One thing I haven't had much luck finding on the forums or google is a Gentoo Maintenance Guide.

Suppose you have a Gentoo machine dropped in your lap- how do you take care of it and keep it healthy?

any documentation on this is welcome, as are tips.

Things I try to do on a daily basis:

check the security advisories and make sure you don't have any known issues open

http://www.gentoo.org/security/en/glsa/index.xml

Things I try to do on a weekly basis

emerge sync

emerge -upDv world --newuse

(then upgrade the packages I wish to upgrade)

etc-update

revdep-rebuild

Surely there's more than that (or perhaps better variations).

Thoughts?

----------

## loki99

You could use dispatch-conf (emerge gentoolkit) or cfg-update instead of etc-update.

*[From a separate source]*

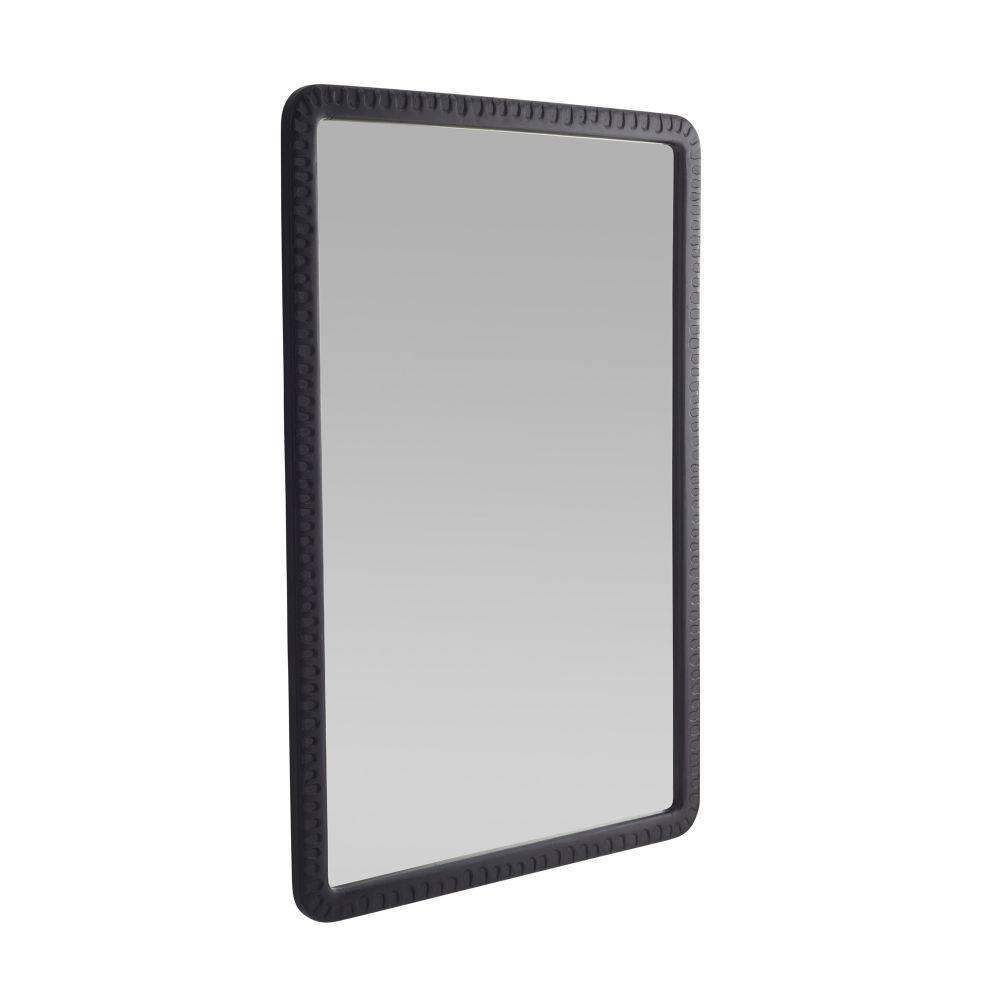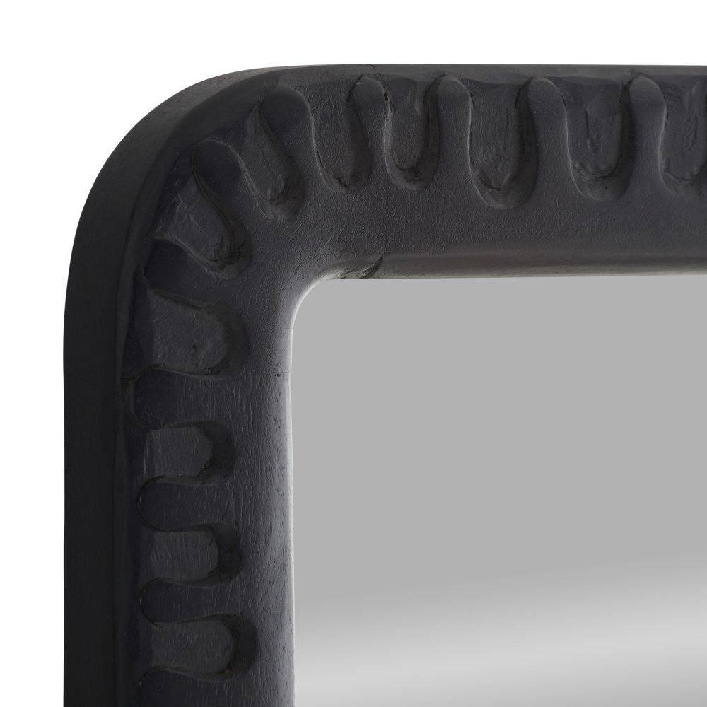 The rhythmic patterns of a vintage print lend an energetic texture to a frame of ebonized mango wood. This statement style was designed to catch the light in each subtle indentation. Can be hung both vertically and horizontally. Secured at the back with a cleat attachment.

The main advantage would be, that both apps automatically make backups of the files you are updating. So if you ever mess up, it's easy to copy the original file back.

----------

## morgajel

This is a perfect example of what I'm talking about

perl-cleaner all

and 

python-updater

wtf did these utilities come from, how often should you run them, is there any way to do this pre-emptively? are they any others like this?

I hate finding these simple tools because it usually means something broke and this will fix it.

----------